I've never done anything like this before. I was encouraged to write a blog by several friends and though not usually one to succum to peer pressure, I figured I would. I'd been thinking about doing this for some time and just decided, with the encouragement of friends that I'd finally dive in. I love to write and haven't taken the time to do so for years, literally. I've been so busy with raising a family that the time has cruzed by without me hardly knowing how it has happened. I find myself so busy with the family and constantly going that weeks have gone by without me knowing how it happened. I find that friends don't get called, chores don't get done and projects remain unfinished.

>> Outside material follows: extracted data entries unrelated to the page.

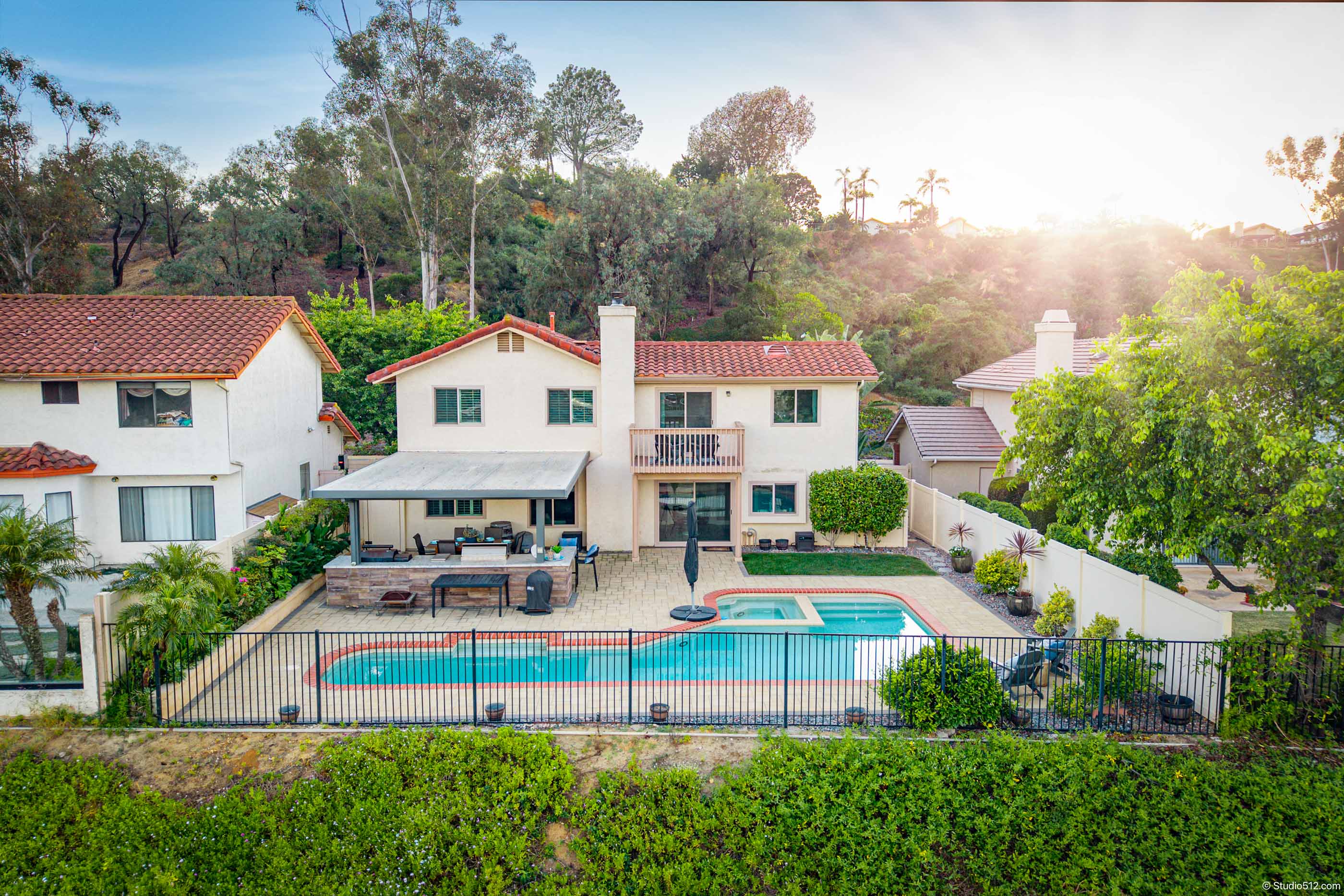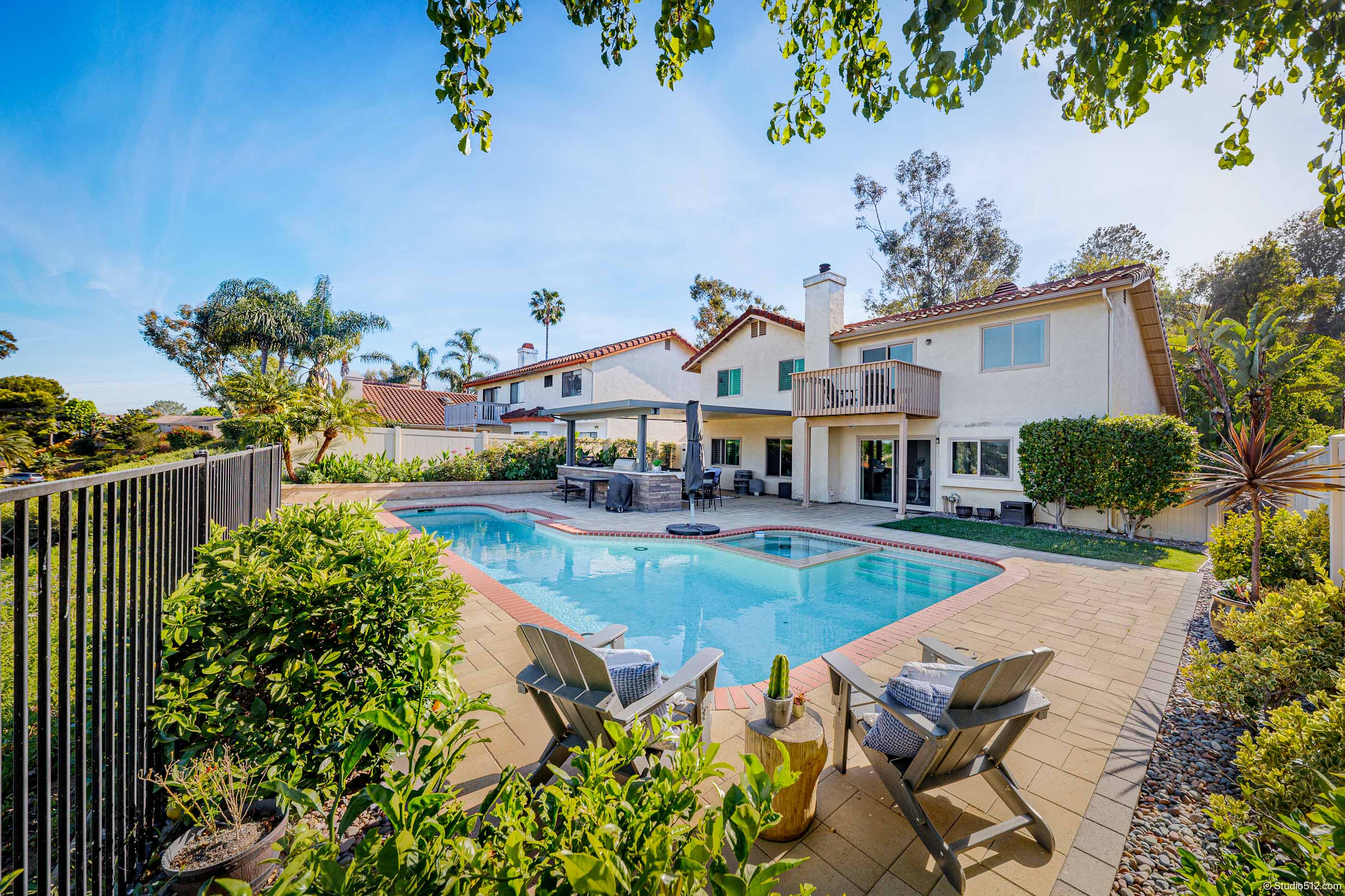 Step into a refined sense of comfort and privacy with this beautifully appointed two-story home, ideally situated in the heart of Encinitas, CA. Tucked away on a quiet cul-de-sac and set on a generous lot just under 10,000 square feet, this residence offers both space and serenity. Originally built in 1986 and thoughtfully expanded to 2,336 square feet, the home features four well-proportioned bedrooms and tastefully remodeled bathrooms, creating a flexible layout suited for both everyday living and hosting. With no neighbors in front and clear views to the east in the backyard, the setting feels peaceful and secluded. From the moment you enter, the home welcomes you with a sense of warmth and quality. At its center is a fully reimagined kitchen designed for both functionality and style. Outfitted with premium Wolf appliances including a gas range, oven, and microwave, along with a Sub-Zero refrigerator, this space is ideal for culinary enthusiasts. Quartz countertops, a designer backsplash, and custom Bellmont cabinetry complete the space with a clean, modern finish. The adjoining living area features engineered hardwood flooring and a slate tile fireplace, complemented by an Indonesian Rosewood mantle. A custom-built bar crafted from a Zinfandel barrel sourced from Powell Mountain Cellars adds a distinctive and inviting touch. Vaulted ceilings and Plantation shutters enhance the sense of openness while maintaining privacy. An additional downstairs bedroom can be used as an office or den with a full bath in the hall. The private primary suite offers a serene and thoughtfully designed retreat, enhanced by brand new carpet, tile flooring and an abundance of natural light. The spa inspired ensuite features dual vanity sinks, a spacious walk-in closet, and a separate soaking tub and shower, creating a perfect balance of comfort and functionality for everyday living. The secondary bedrooms are generously sized and enjoy soft east facing views, bringing in beautiful morning light. Each room is equipped with new carpet and ceiling fans with remote controls for added convenience. The guest bathroom is equally well appointed, featuring dual vanity sinks and a combination tub and shower with a sleek glass enclosure, providing both style and practicality for family and visitors. A spacious east facing bonus room opens to a private balcony finished with durable TREX decking, offering a peaceful setting to enjoy morning light and views of the backyard and pool. The outdoor space has been carefully upgraded to support both relaxation and entertaining. Features include new vinyl fencing, Belgard pavers, and a large covered Alumawood patio cover. The outdoor kitchen area is equipped with a Lynx grill, refrigerator, Yoder smoker, and granite countertops, making it ideal for gatherings. The pool and spa provide a refreshing retreat, supported by a newly installed Pentair Superflo VS pump in 2025. Additional improvements throughout the home include updated PEX plumbing, a new gas water heater, Milgard windows for improved energy efficiency, and a high-performance skylight in the primary bedroom with remote operation. A whole house fan offers an efficient way to keep the upstairs cool and comfortable. With a two-car garage offering ample storage and a location just minutes from Encinitas beaches, dining, award winning schools and community amenities, this home presents a rare opportunity to enjoy comfort, privacy, and coastal convenience in one of North County’s most sought-after areas.
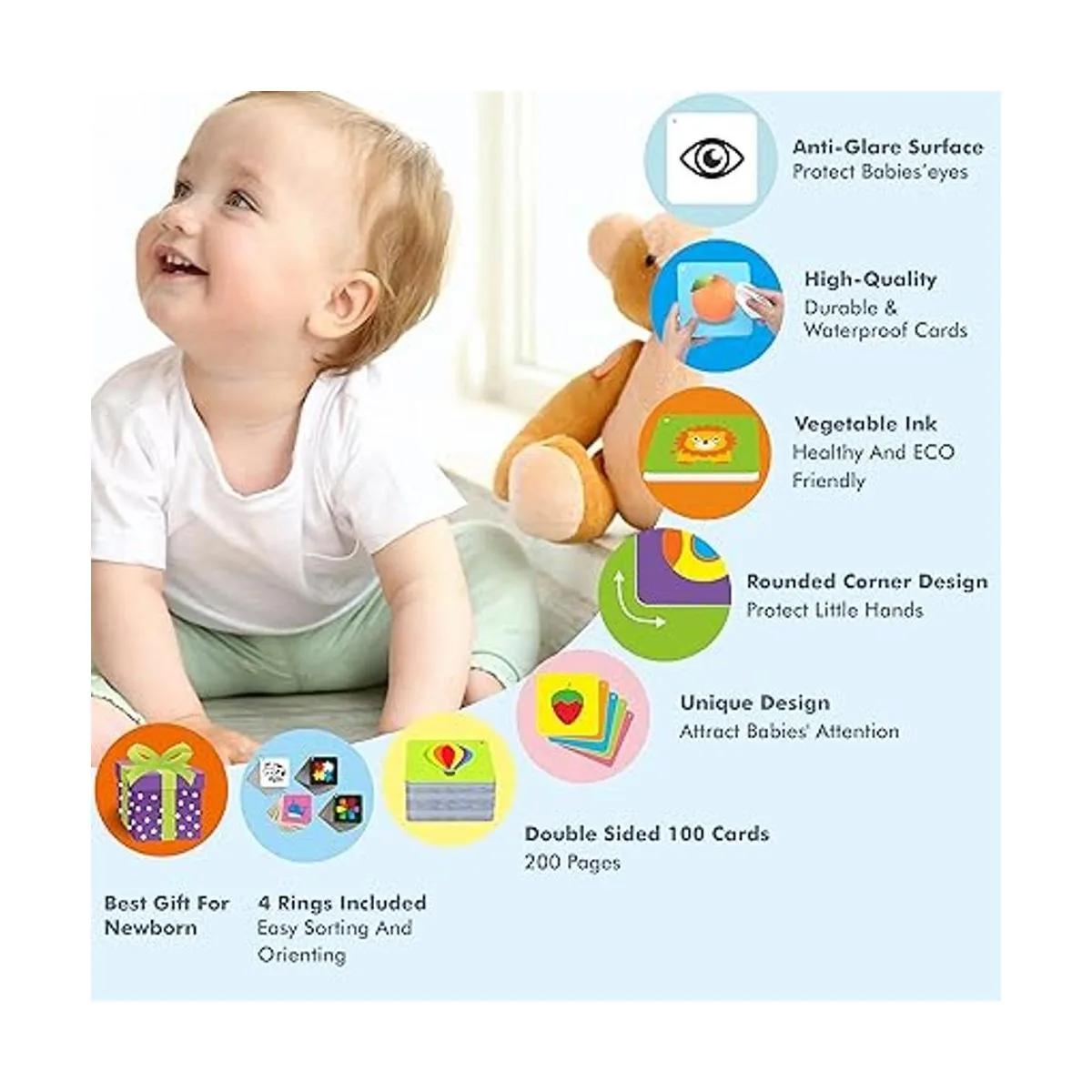 100 tarjetas de 200 páginas color negro y blanco colorido 3D para bebé recién nacido regalo 4 niveles 036 meses, 5.5 x 5.5 pulgadas
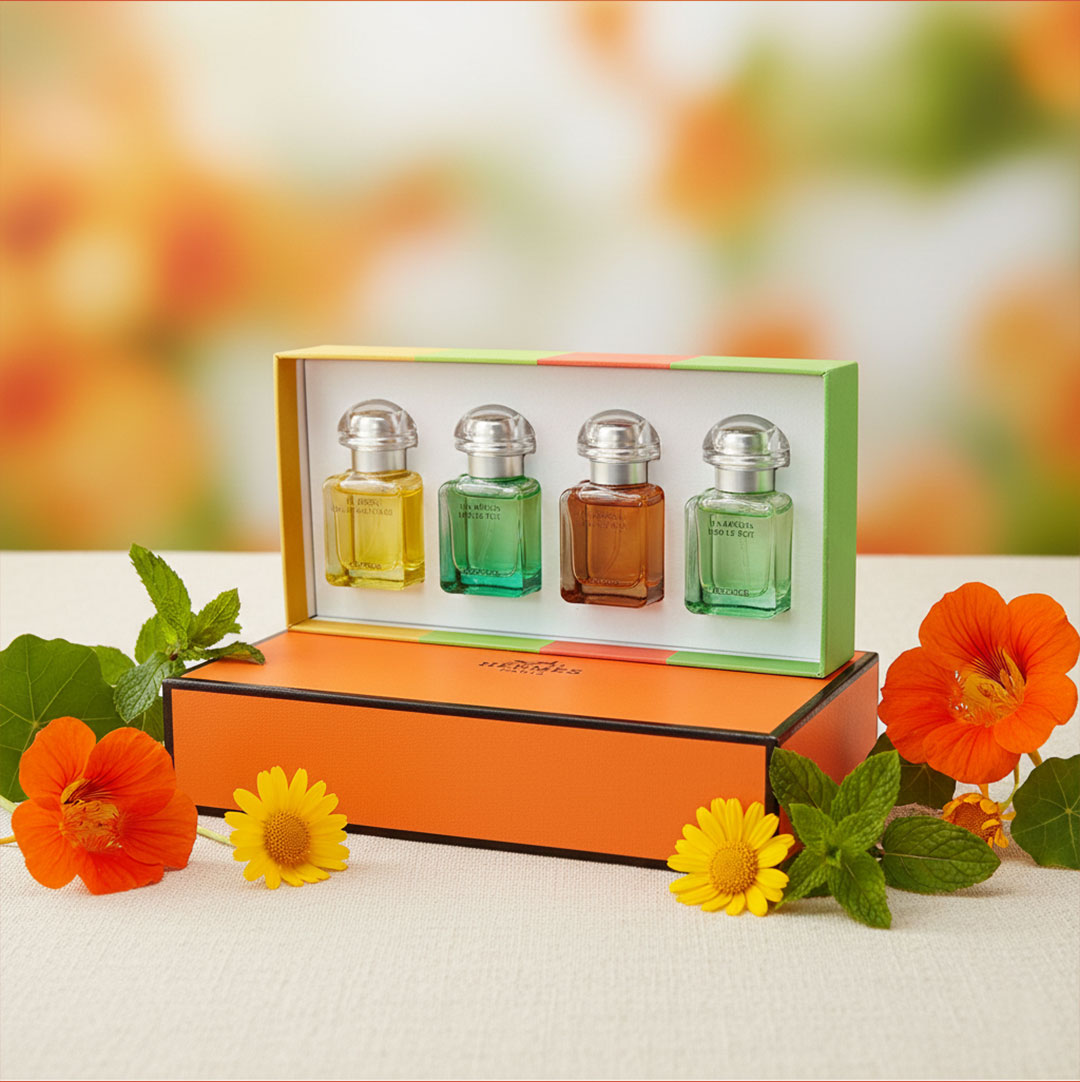 Designed in elegant mini bottles and beautifully presented in a premium gift box, this set is ideal for luxury gifting, travel, or personal fragrance exploration. The light, airy compositions make it suitable for everyday wear, offering a unique olfactory journey through different garden landscapes. Perfect for fragrance lovers who appreciate timeless French perfumery, this Hermès miniature set combines artistry, luxury, and nature-inspired sophistication in one collectible package.

Yet my little men are strong and healthy and way too independant and self assured for me to feel I've missed something.
I can't imagine how others seem to get so much done with more kids than I have. I don't know how, and it doesn't really matter. I do what I can, how I can and find it's enough for my husband and children. If I let anyone else down I'm always sad, yet I know I've been there for the most important people in my life. They are the ones who ignore my bad habbits, love me in spite of how I am and sometimes don't realize I'm even in the room, but I know they love me and are dependant on me staying the course. When I feel like there's no point in the struggle then I look into those beautiful eyes and remember why I'm doing this, the course I set is important and the ultimate goal must be reached at all cost and any sacrifice.
I don't know how often I'll get to this, I don't know if it will be something I'll like to do, but writing has always been a release for me and I'm hoping to find that release in this blog. Hopefully, I'll reach some wonderful friends and family along the way and they'll know how much I think of them and love them all as I run this chaotic race.